Why avoid excessive sugar?

Simply put, sugar has zero nutritional value.  It doesn’t do anything beneficial for the body (unless you count taste buds as a body part 🙂 ). Since the liver only has so much room to store carbohydrates, any excess carbohydrates (including sugar) are converted into and stored as fat in the body.

How do I know which products to avoid?

First off, check the nutrition facts panel for sugar content in grams.  If you know you are supposed to keep your added sugar intake less than 24 grams in a day, you have your point of reference.  Also check the ingredients list.  There are many different names for sugar: agave syrup, brown sugar, corn sweetener, corn syrup, sugar molecules ending in “ose” (dextrose, fructose, glucose, lactose, maltose, sucrose), high-fructose corn syrup, fruit juice concentrate, honey, invert sugar, malt sugar, molasses, raw sugar, sugar, syrup.(heart.org). These all indicate where the sugar is coming from.

Are some forms of sugar better than others?

Yes!  See table below; comparing three different sugar sources (when providing the same amount of sugar grams):

12 gm white sugar 15 gm honey 20 gm chopped dates
Grams of sugar 12 12.5 12.5
Calories 48 46 60
Fiber 0 0 1.5 gm
Vitamins/Minerals 0 Less than 1% daily recommended values 3% daily value for manganese, copper and potassium

This table indicates that when using dates to sweeten a recipe rather honey or white sugar, there is the added benefit of fiber and some vitamins/minerals.  Honey is often viewed as a healthy substitute for sugar in recipes; however, the amount of vitamins/minerals it provides is so insignificant that it hardly makes a difference.

What about sugar substitutes?

There is a lot of different research about sugar substitutes.  Lately, the word is that using a substitute is worse than regular sugar.  Sugar substitutes have their appeal because they are essentially calorie-free and they do not raise blood sugars.  It’s confusing, though, when research is saying that those who use “diet” and “sugar free” products actually end up gaining weight because their sugar cravings are not satisfied with the calorie-free sweeteners.

It all has to come down to the facts we do know: sugar substitutes and sugar alcohols are safe when used in moderation.  There is an acceptable daily amount set by the FDA for each sweetener, and oftentimes, it is very difficult for the average person to exceed.  For example, according to the FDA, a 132 lb person can safely consume up to 23 packets of Splenda per day!  I would not recommend consuming 23 packets of Splenda in one day,  but I do consider these sweeteners as options.

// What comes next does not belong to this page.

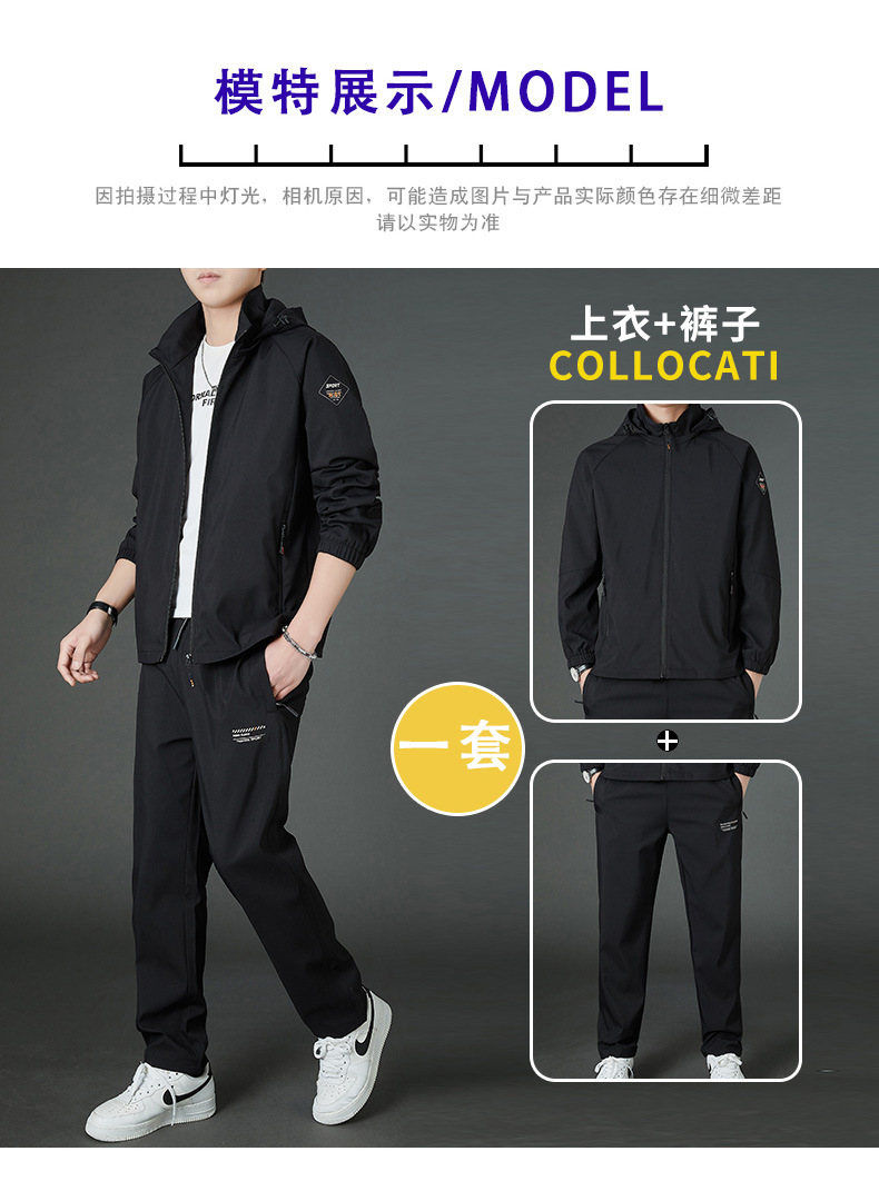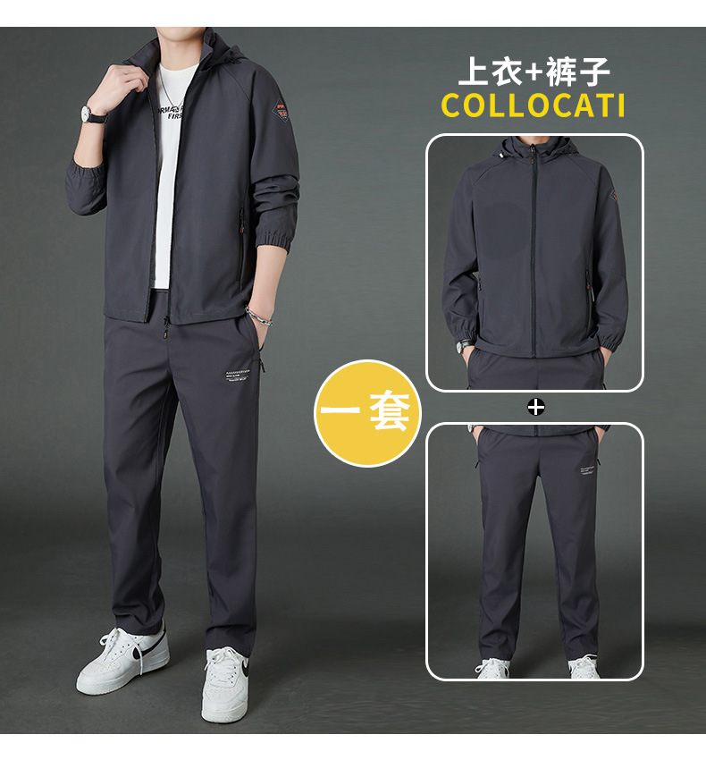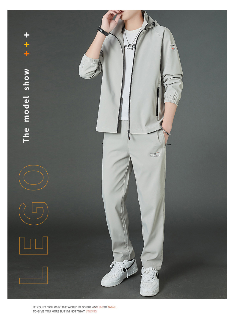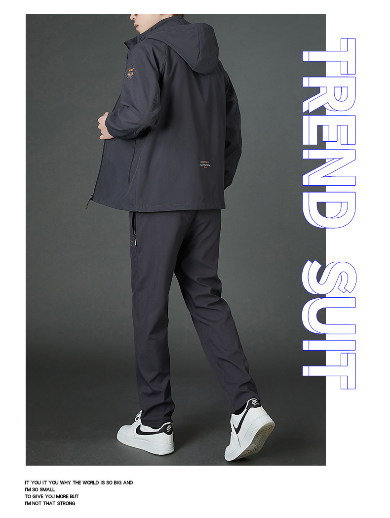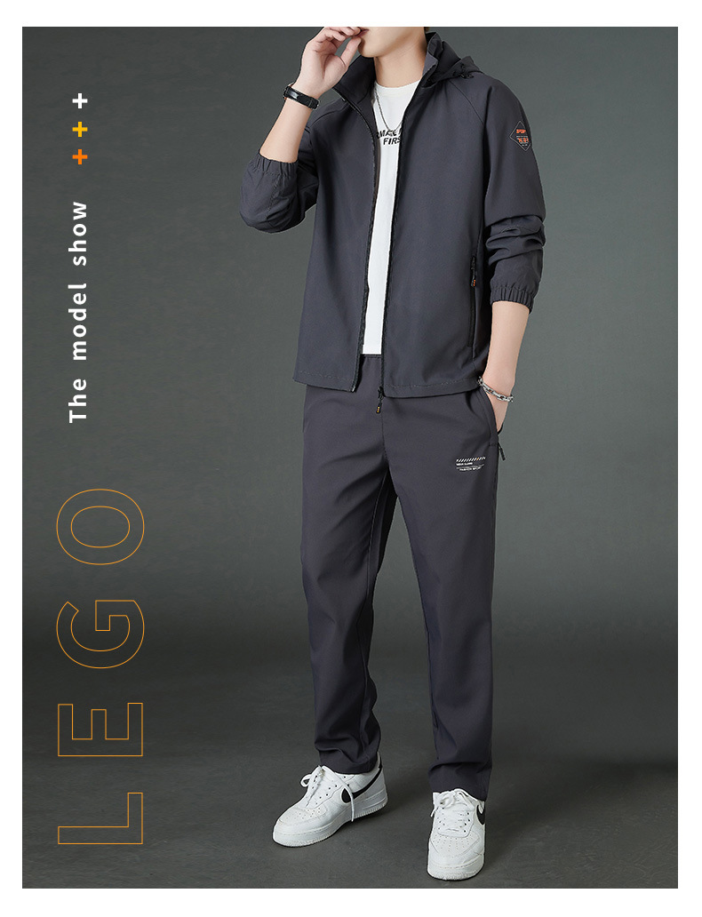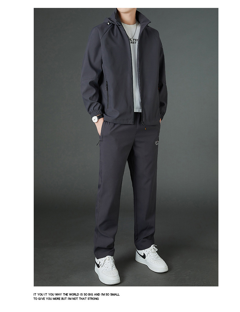 봄 남자 스포츠 레저 투피스 2025 새로운 가을 느슨한 스탠드 칼라 후드 코트 스트레이트 롱 팬츠스토어 가기
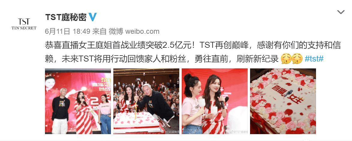 6月11日,TST母公司上海达尔威贸易有限公司(以下简称“达尔威”)认证的微博“TST庭秘密”发布微博称:“直播女王庭姐首战业绩突破2.5亿元!TST再创巅峰!”

When baking, consider using half white sugar and half sugar substitute.  Just remember that most sugar substitutes are hundreds of times sweeter than white sugar.  Basically, if a recipe requires 1 cup of sugar, use 1/2 cup white sugar and 1/4 cup sugar substitute.  This decreases total calories and grams of sugar in the recipe, while still allowing some regular sugar to satisfy the body’s craving.

What about Stevia?

Stevia (or Truvia) has been advertised as a natural sugar substitute.  It is actually considered a “food additive” and not necessarily an artificial sweetener like Equal or Splenda.  It is generally recognized as safe (GRAS) by the FDA.  Like other sweeteners, it should only be used in moderation.

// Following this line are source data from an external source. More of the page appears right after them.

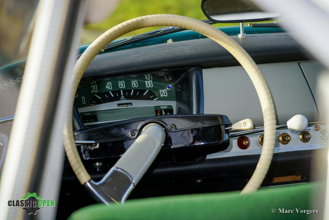 Het interieur is opnieuw gestoffeerd naar originele specificaties. Het dashboard is voorzien van vele fantastische details zoals het unieke enkel-spaaks stuur, de leuke ventilatierooster hendels en de vele kleine draaischakelaars.
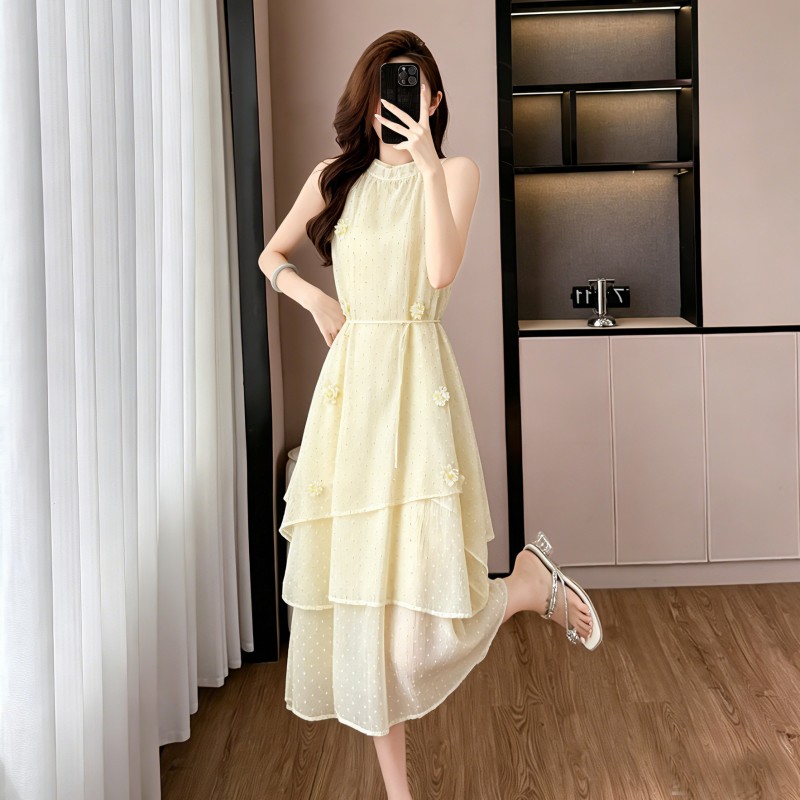 프랑스식 전원 바람 황색 슬립 길다 치마 3 차원 꽃 소녀 센스 해변가 휴가 바람 여성 드레스
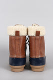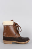 These shearling cuff ankle boots feature a combination of vegan leather/PVC upper, decorative ridges across the front, contrast stitching accents, and low heel. Finished with cushioned insole, soft interior lining, and lace up front closure.

How Can I Decrease My Sugar Cravings?

First of all, I would not recommend removing sugar from the diet completely or going “cold turkey.”  It needs to be a gradual change.  See chart below for an example of how to be more “sugar smart”:

yogurt graph

cheerios

beverages

apple pie graph

The most long-lasting and beneficial changes will not happen overnight.  Challenge yourself to find 1 or 2 different common foods in your diet that are high in sugar and try to switch to something that is the next step down.  Do not try to go another step until you are no longer craving the original.  (For example, do not switch from apple pie to baked apples until you are at a point where you do not miss the a la mode version).  I personally started with yogurt.  I went from regular yogurt to plan, fat-free topped with berries (gradually), and now am completely satisfied with the plain, fat-free!